Degree in Physical Sciences from the University of Valencia, PhD in Physical Sciences from the University of Barcelona, Master of Science in Meteorology from the University of Chicago, and Professor of Air Physics at the University of Barcelona.
In 1960 he was part of an Antarctic expedition as a meteorologist and chief scientist at the Chilean Antarctic base, Presidente González Videla (1960 to 1961), and was also head of research at the Department of Meteorology of the Institute of Geophysics of the University of Chile (1962-63). He was one of the first scientists to go to Antarctica and collect data on the ozone layer.
He received his doctorate in 1962, with a thesis entitled “Contribution to the study of the spectrum of the air” directed by another illustrious meteorologist, Dr. Josep Maria Vidal, who is also the one who answered the speech at the entrance to the Royal Academy of Sciences and Arts of Barcelona in 1972. He was professor of Air Physics at the University of Barcelona (1967 to 1987), and previously, as a meteorologist, he held various positions in the National Meteorological Service (currently the State Meteorological Agency).

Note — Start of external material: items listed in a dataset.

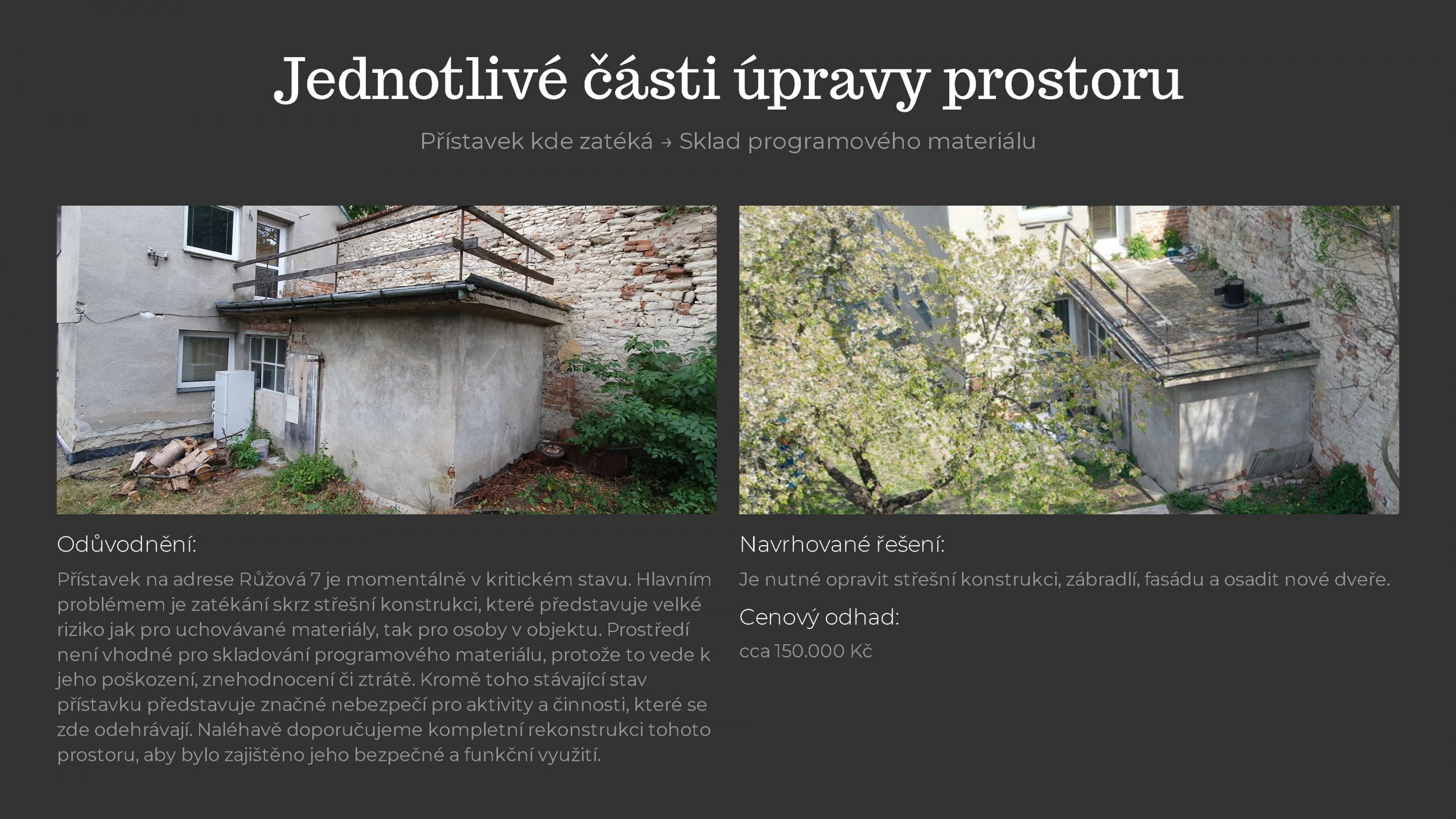 Odůvodnění: Přístavek na adrese Růžová 7 je momentálně v kritickém stavu. Hlavním problémem je zatékání skrz střešní konstrukci, které představuje velké riziko jak pro uchovávané materiály, tak pro osoby v objektu. Prostředí není vhodné pro skladování programového materiálu, protože to vede k jeho poškození, znehodnocení či ztrátě. Kromě toho stávající stav přístavku představuje značné nebezpečí pro aktivity a činnosti, které se zde odehrávají. Naléhavě doporučujeme kompletní rekonstrukci tohoto prostoru, aby bylo zajištěno jeho bezpečné a funkční využití.
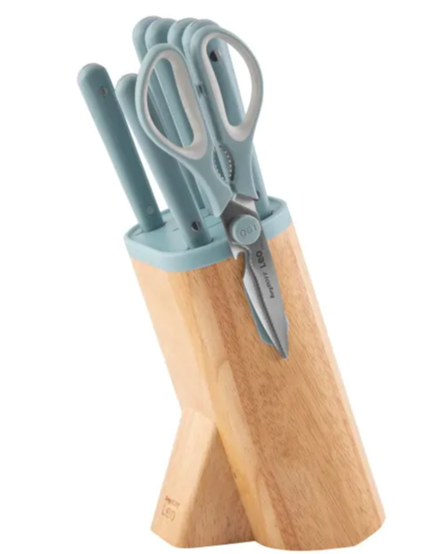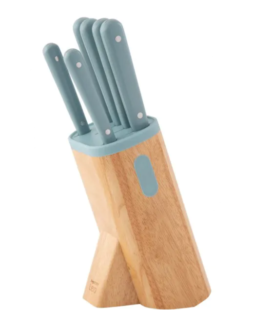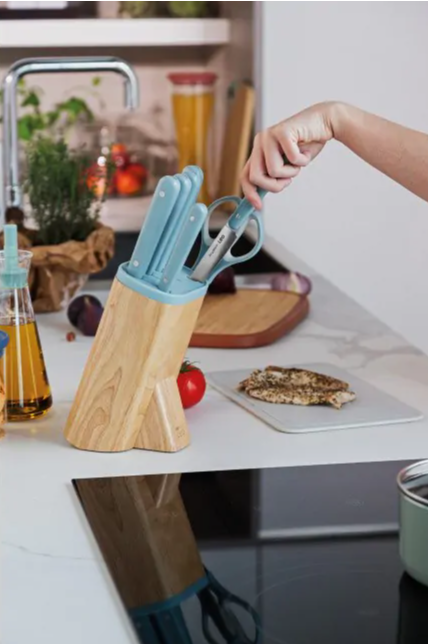 Комплект от 7 кухненски ножа „Glints Slate“ с дървен блок и магнитна секция — идеален за ежедневна готварска работа и стилна организация на кухненския плот.
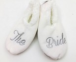 NWT, New With Tags, Sales Samples. Comfortable , soft, with non skid soles. Now the bride can relax with her own pair of soft and warm Snoozies slippers. White with white Sherpa (faux fur) lining and non skid soles One slipper has "The" embroidered in silver and the other slipper has "Bride" embroidered in silver. Perfect for the bride to be when she is relaxing. White with white Sherpa Faux fur lining Fun slippers with non-skid soles. Brand Snoozies Cozy little foot coverings Made in China US size women's Medium 7/8 Multi colored Faux fur lining Lining/sole 100% polyester Machine wash inside out, gentle cold water tumble dry. SKU QQ-2-10-23-002

Dr. Puigcerver had the title of Master of Science in Meteorology from the University of Chicago, Illinois (1958), and also the Foreign Member of the Royal Meteorological Society of Great Britain (1980), transferred to the category of Fellow in 1985.
Trajectory
Professor of meteorology, Dr. Puigcerver can be considered a benchmark in Catalan meteorology, as was Dr. Eduard Fontseré Riba (also a professor at the University of Barcelona and founder of the Meteorological Service of Catalonia).
The boost that Dr. Puigcerver provided to research in meteorology, which is so traditional in Catalonia, was evident by the large number of scientific publications and doctoral theses that he directed on the aforementioned topics. He was the author of ninety-five scientific and popular publications, and director of twenty-one doctoral theses.
Dr. Puigcerver left us on January 2, 2020, in Barcelona at the age of ninety-seven.
Acknowledgments
This biographical note has been compiled, among other sources, from the obituary of his department colleague, Jerónimo Lorente Castelló, Emeritus Professor of Atmospheric Physics at the University of Barcelona.